Anyway I am glad that under the guise of a launch I threw a party to a set of book lovers one rainless evening. They met each other and met the stars in this bookscope. Of course, they did not look glamorous as those in the glitzy world but the spiritual goodness within them that made them tolerant of species like me, shone through.

Patience

Come to think of it, white wisps of patience, goodness, kindness, compassion and all other plus signs of virtue floated all over, fragrant with a holy scent. And wonder of wonders, the pain in my knees seems to have disappeared after the book tamasha, a pain that gripped me for nearly six years on and off. Hope the miracle will last.

I even hope to be back to work at the House by the Beira that promoted my madness. My work permit lay crumpled for years as I sat at home applying all sorts of oils and balms, a miserable pastime.

And steering all that from the top stood a charming professional, Bandu (related) Lotus Prince. he prince was unaware that in some mystic way he acted as the healer of almost an incurable malady.

And these words from Edwin Ariyadasa, the veteran and evergreen writer-cum-philosopher ring in my ears, like the very Amurtha or heavenly nectar, “Padma, this book-socialising is the best therapy”.

Similar words of wisdom about a suitable therapy gushed from famed writers such as Gunadasa Amarasekera, Leel Gunasekera and Daya Dissanayake, matured twins and my dear friend of half a century, Hema Goonetileka.
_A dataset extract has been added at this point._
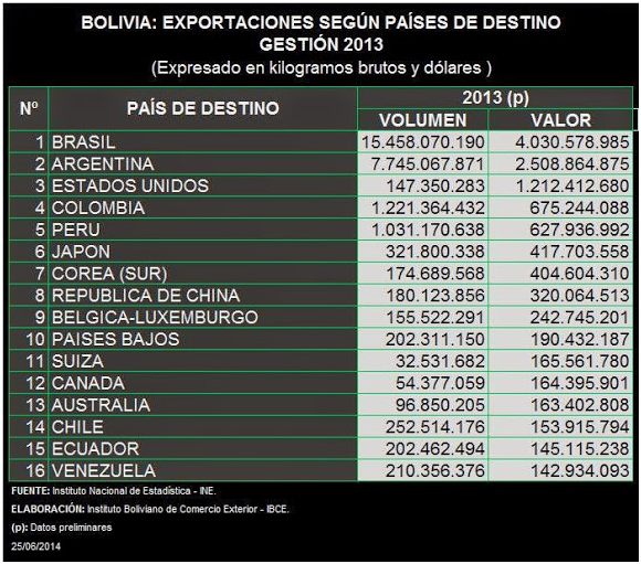 “En lo que respecta a Estados Unidos, Colombia y Perú hay que destacar que no son países a los que vendemos gas, de tal manera que si desinfláramos la estadística de lo que hemos exportado a Brasil y a Argentina, de lejos Estados Unidos sería el principal comprador de más de 300 productos bolivianos, y una gran cantidad de ellos con valor agregado, cosa que no encontramos la posibilidad de realizar cuando queremos vender a Brasil y Argentina que son mercados restrictivos, son mercados proteccionistas, lo que no ocurre con Colombia y Perú que son destinatarios de productos no tradicionales del área alimenticia”, indicó.

What is this therapy? Your guess is as good as mine, for it proved the best and that is so far. Touch wood. Was the book forgotten? No. Never, they all had the mental brilliance to knit all that matter into the book that was launched. Wisdom does not come in compartments but as a gestalt or totality.

Now no evil eye, nor evil mouth! And that's straight from the mouths of the village folk.

However much I write in an alien language I cannot forget that I am from the village where the oxen trail the Jah-Mah cries of the farmers who fill our bellies with the green gold seeds. And the bramble in scraping me. And now I am prepared to die while working, obeying the advice given by a true son of the soil.

And this from the man who lisped these words of wisdom, “I wept that I had no shoes till I met a person without feet”. Well, only my knees had gone awry (that too now cured due to mysterious causes) everything else is in perfect order including my mind that produces such ridiculous matter that many opt to tolerate.